[Stored entries]
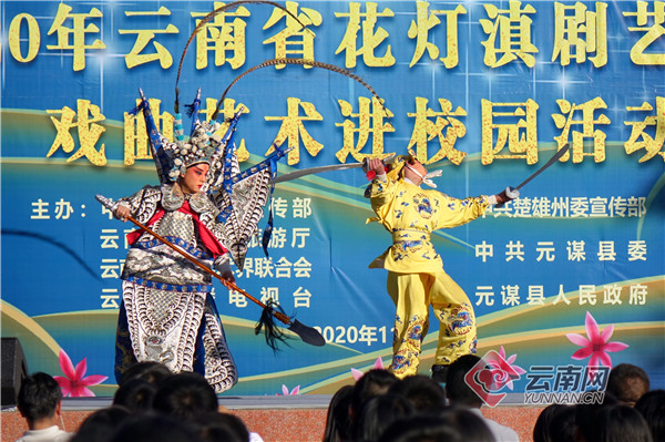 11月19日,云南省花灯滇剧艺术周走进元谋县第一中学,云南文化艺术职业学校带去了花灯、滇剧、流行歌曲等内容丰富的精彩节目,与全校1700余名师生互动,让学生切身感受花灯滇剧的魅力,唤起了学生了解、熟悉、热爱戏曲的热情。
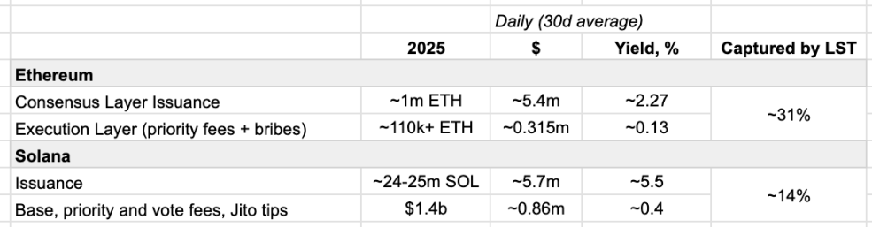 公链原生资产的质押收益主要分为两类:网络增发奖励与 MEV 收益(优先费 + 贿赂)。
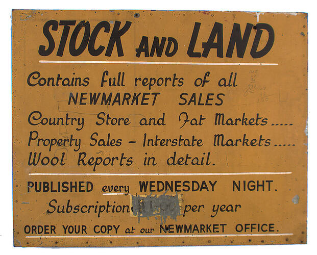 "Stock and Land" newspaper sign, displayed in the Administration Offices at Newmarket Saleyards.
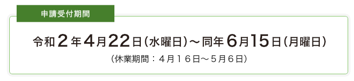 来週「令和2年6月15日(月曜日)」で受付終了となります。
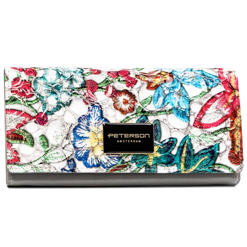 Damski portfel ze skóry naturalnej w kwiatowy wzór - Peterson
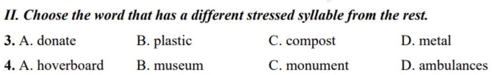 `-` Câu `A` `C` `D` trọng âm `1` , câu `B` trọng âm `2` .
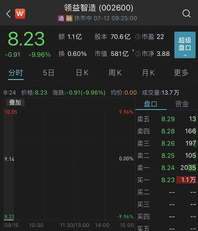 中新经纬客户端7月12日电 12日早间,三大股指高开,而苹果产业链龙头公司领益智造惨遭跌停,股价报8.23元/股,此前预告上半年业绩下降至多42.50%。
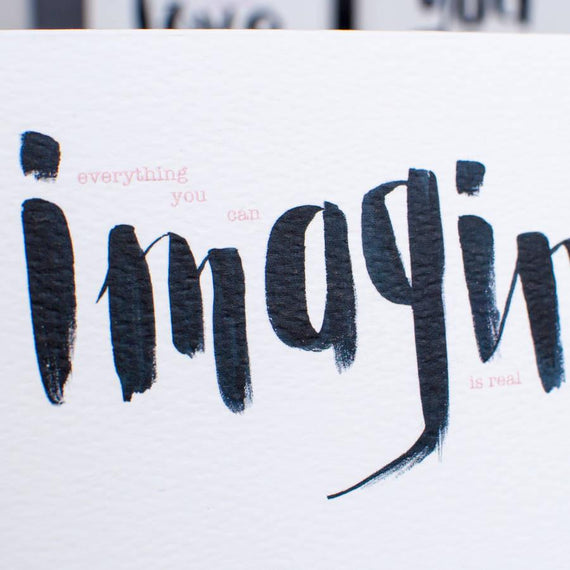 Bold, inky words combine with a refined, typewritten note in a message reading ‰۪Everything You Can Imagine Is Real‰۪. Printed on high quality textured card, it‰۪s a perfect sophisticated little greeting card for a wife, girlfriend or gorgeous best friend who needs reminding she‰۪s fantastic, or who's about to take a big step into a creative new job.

* **WHAT TO WORK ON**: Output an exact copy of the lines from the one with "来週「令和2年6月15日(月曜日)」で受付終了となります。" through the closing line of the records, inclusive, without any images.

* **ANSWER TO THE PROBLEM**:
 来週「令和2年6月15日(月曜日)」で受付終了となります。
 Damski portfel ze skóry naturalnej w kwiatowy wzór - Peterson
 `-` Câu `A` `C` `D` trọng âm `1` , câu `B` trọng âm `2` .
 中新经纬客户端7月12日电 12日早间,三大股指高开,而苹果产业链龙头公司领益智造惨遭跌停,股价报8.23元/股,此前预告上半年业绩下降至多42.50%。
 Bold, inky words combine with a refined, typewritten note in a message reading ‰۪Everything You Can Imagine Is Real‰۪. Printed on high quality textured card, it‰۪s a perfect sophisticated little greeting card for a wife, girlfriend or gorgeous best friend who needs reminding she‰۪s fantastic, or who's about to take a big step into a creative new job.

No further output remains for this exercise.